Datasets - Ant

The Maisqual Ant data set was published by SQuORING Technologies under an open source licence during the Maisqual research project. It features a number of metrics extracted from code, configuration management and communication channels, plus a bunch of findings from popular rule-checking tools.

About the Ant project

The early history of Ant begins in the late nineties with the donation of the Tomcat software from Sun to Apache. From a specific build tool, it evolved steadily through Tomcat contributions to be more generic and usable. James Duncan Davidson announced the creation of the Ant project on the 13 January 2000, with its own mailing lists, source repository and issue tracking. There have been many versions since then: 8 major releases and 15 updates (minor releases). The data set ends in July 2012, and the last version officially released at the time of creating this data set (2012) is 1.8.4. It should be noted that the data set of official releases may show inconsistencies with the weekly data set, since the build process extracts and transforms a subset of the actual repository content.

Ant is arguably one of the most relevant examples of a successful open source project: from 2000 to 2003, the project attracted more than 30 developers whose efforts contributed to nominations for awards and to its recognition as a reliable, extendable and well-supported build standard for both the industry and the open source community. An interesting aspect of the Ant project is the amount of information available on the lifespan of a project — check the plot displayed below: from its early beginnings in 2000, activity had its climax around 2002-2003 and then decreased steadily. Although the project is actively maintained and still brings regular releases the list of new features is decreasing with the years. It is still hosted by the Apache Software Foundation, which is known to have a high interest in software product and process quality.

ant svn tree

Maisqual Ant weekly

The Maisqual Ant data set features 636 versions of the Apache Ant project, extracted on every monday since the beginning of the project. You can check the detailed definition of metrics on the metrics page.

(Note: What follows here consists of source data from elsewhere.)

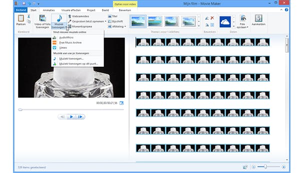Een timelapse bevat standaard geen geluid of muziek, omdat het een film is die wordt samengesteld uit losse foto's. In Movie Maker kan je via Muziek toevoegen op het tabblad Start alsnog muziek toevoegen. Dat kan een lokaal muziekbestand zijn of een gratis dan wel betaald muzieknummer via diensten als AudioMicro, Free Music Archive en Vimeo.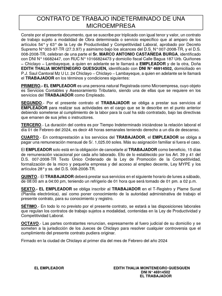 Contrato de Trabajo Indeterminado de Una Microempresa | PDF | Justicia ...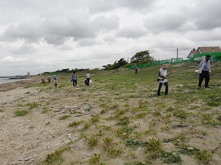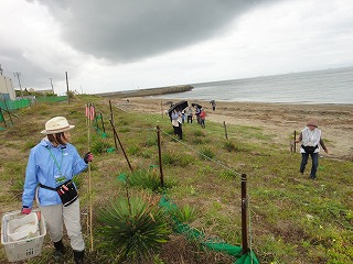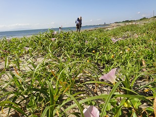 【左】砂丘前景 【中】ハマボウフウ群落 【右】ハマヒルガオ群落
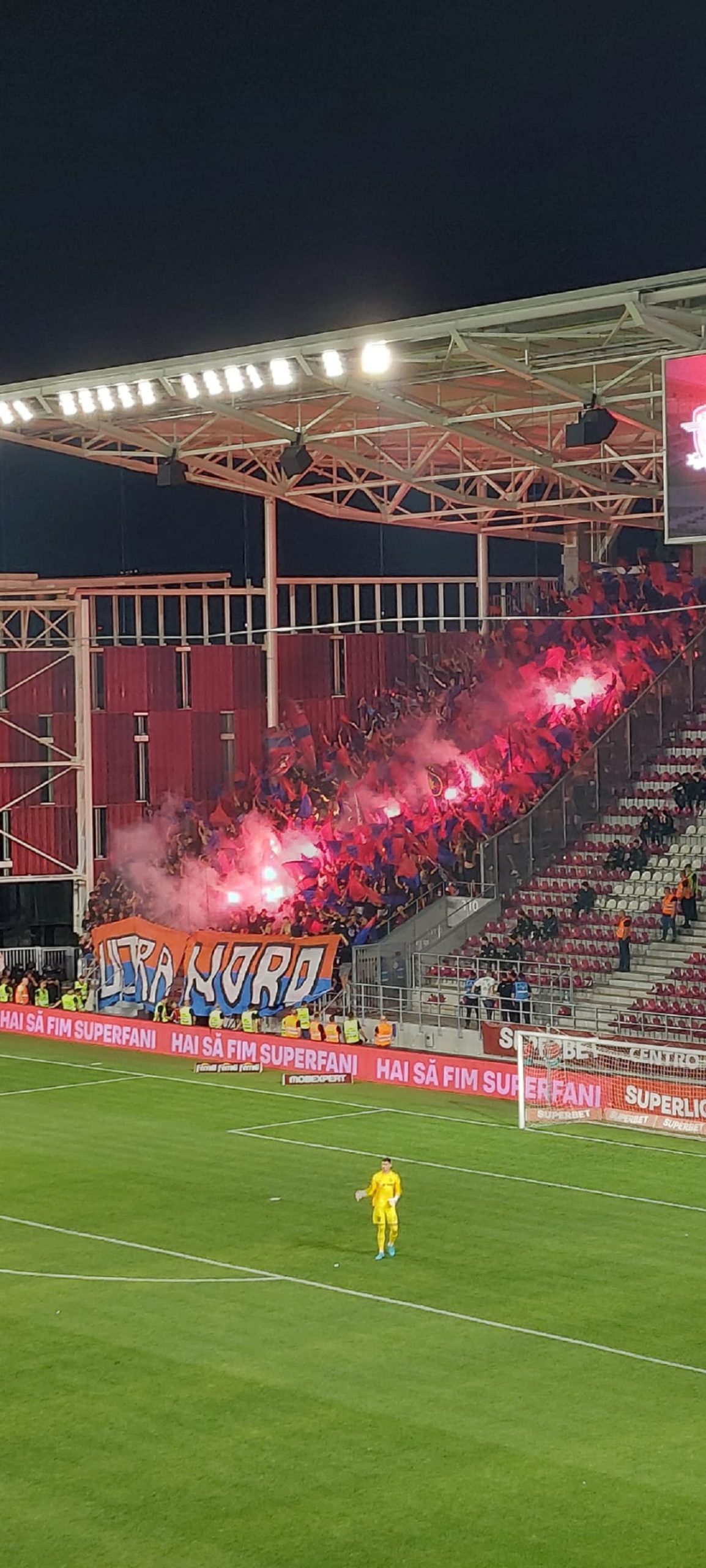 Imediat după fluierul de start, fanii oaspeți au pus în scenă un show pirotehnic de amploare. Istvan Kovacs a întrerupt meciul în minutul 2 din cauza petardelor aruncate pe gazon de Peluza Nord FCSB.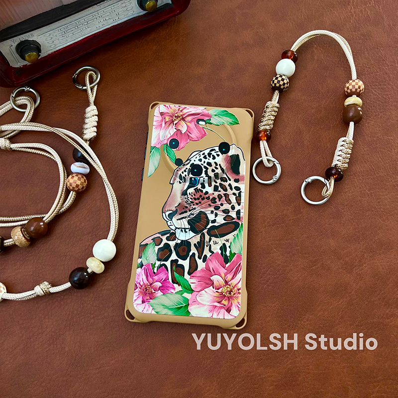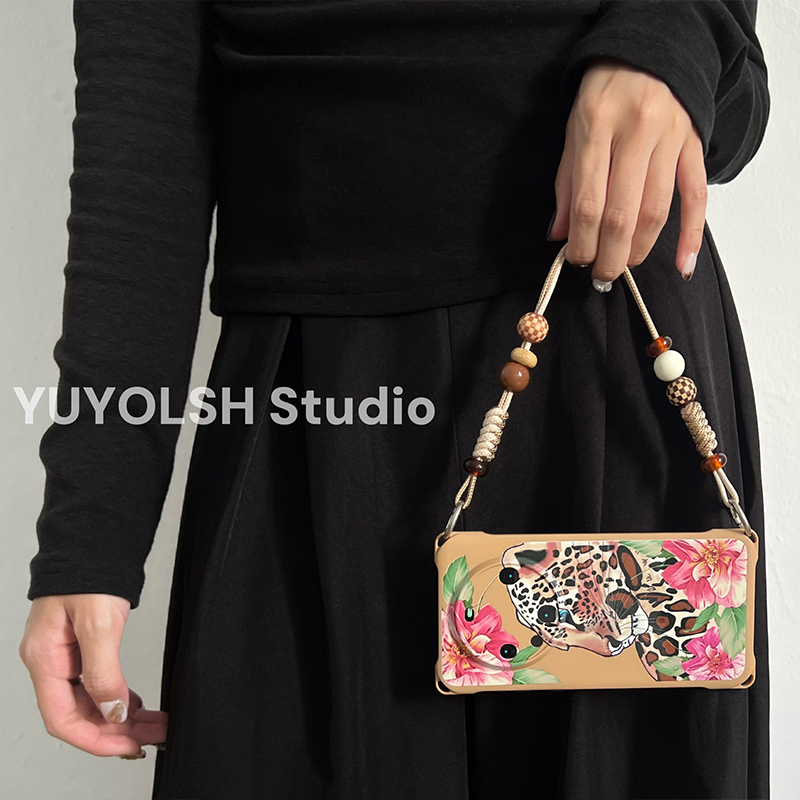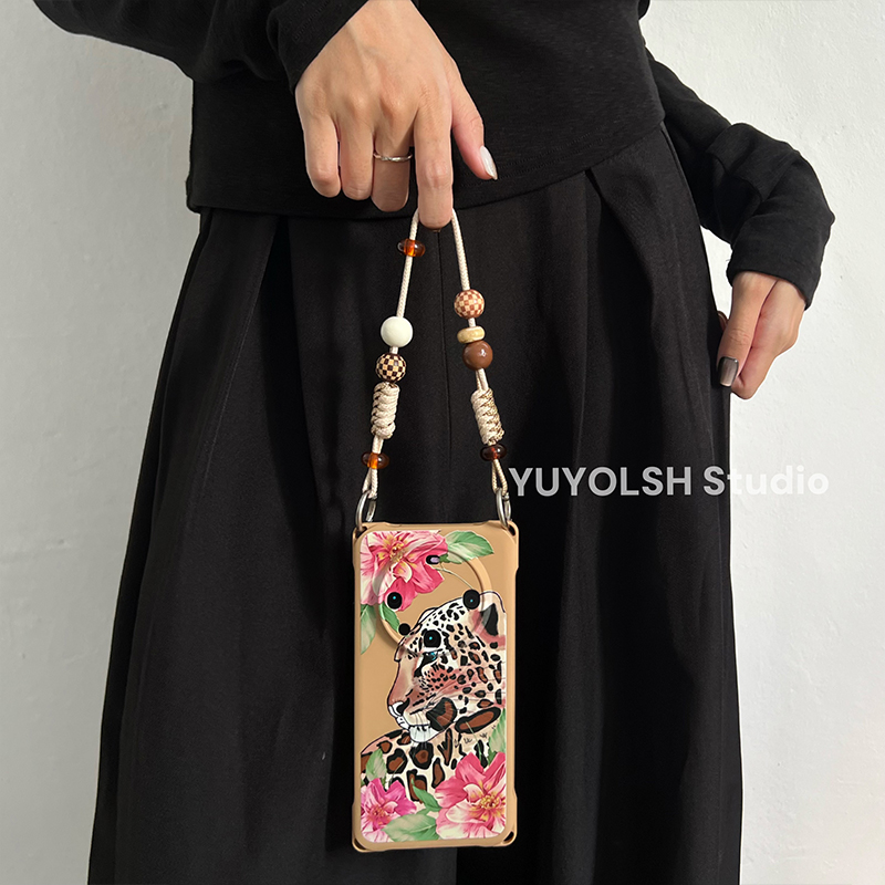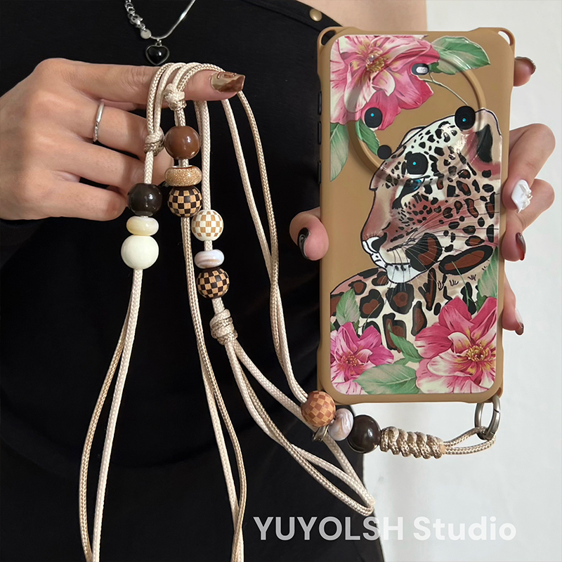 豹影藏花间~原创斜挎挂绳可调节适用于华为mate70pro手机壳奶茶色OPPOfindx8链条小米15pro背带斜跨苹果17pro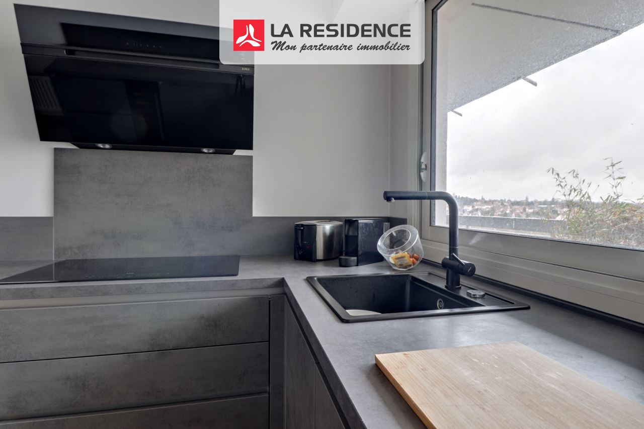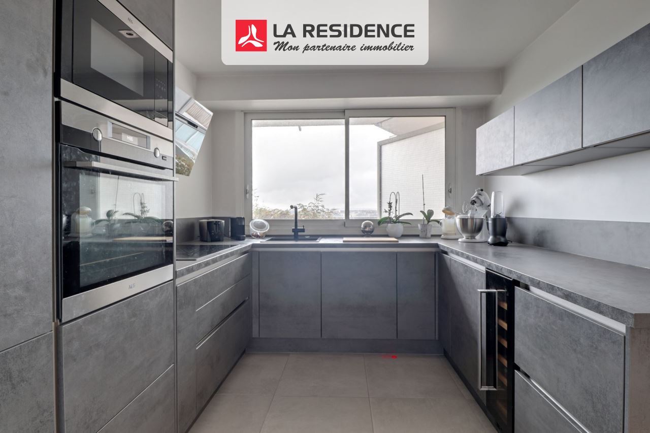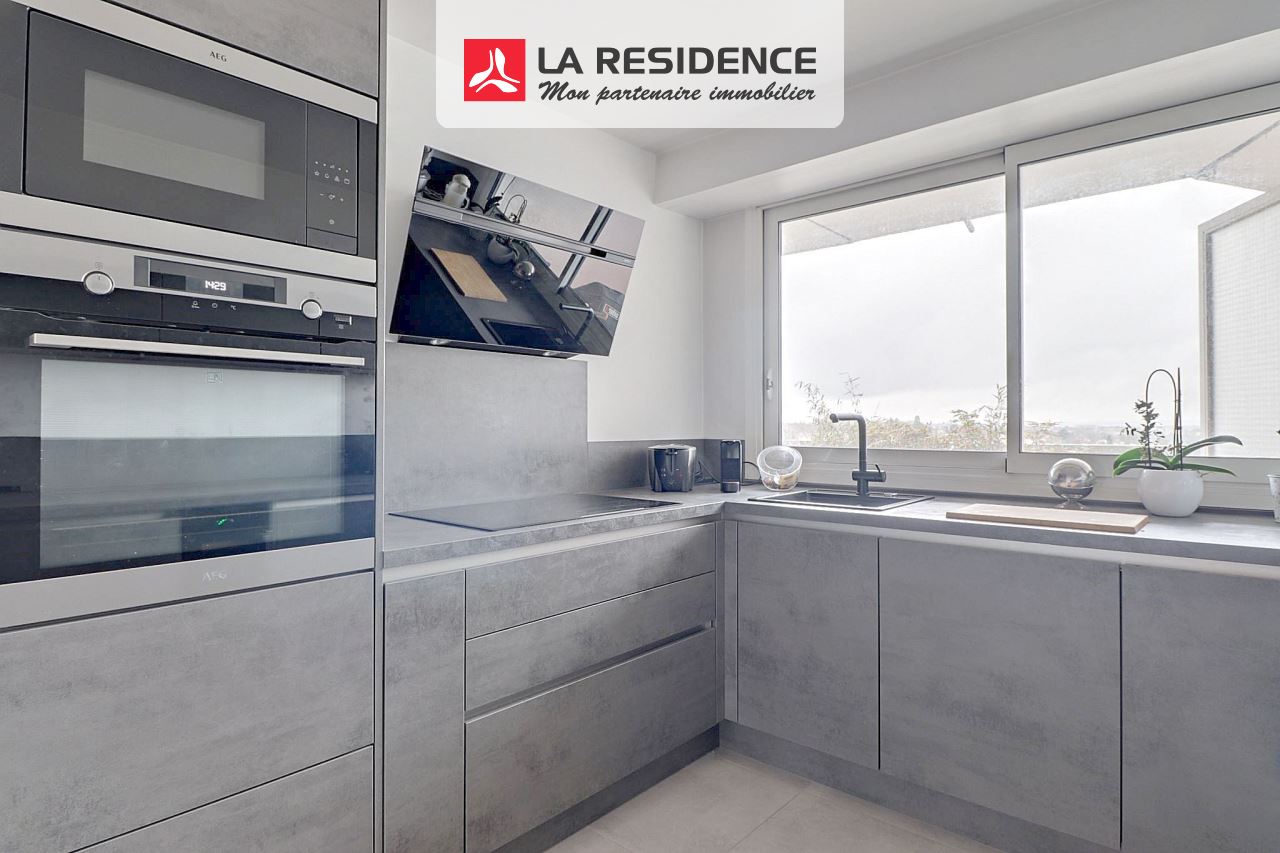 Le séjour spacieux, baigné de lumière grâce à son exposition ouest, ouvre sur une terrasse offrant une vue dégagée. La cuisine, fonctionnelle et design, invite à la convivialité.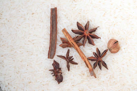 Star anise, cinnamon sticks and cardamom on a wooden surface, background.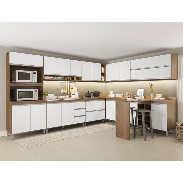 Cozinha Canto Modulada Sabrina 12 Peças 18 Portas 05 Gv 332/254x195x52 Avelã/Branco TX A04S - MENU

The weekly data set can be downloaded from bellow:

Maisqual Ant releases

The Maisqual Ant data set features analysis of the 22 official releases of the Apache Ant project published at the time of writing. Metrics proposed are the same as for the weekly data set, excepted for some time-based metrics which make no sense in an irregularly time-paced list (e.g. number of mails exchanged during last month).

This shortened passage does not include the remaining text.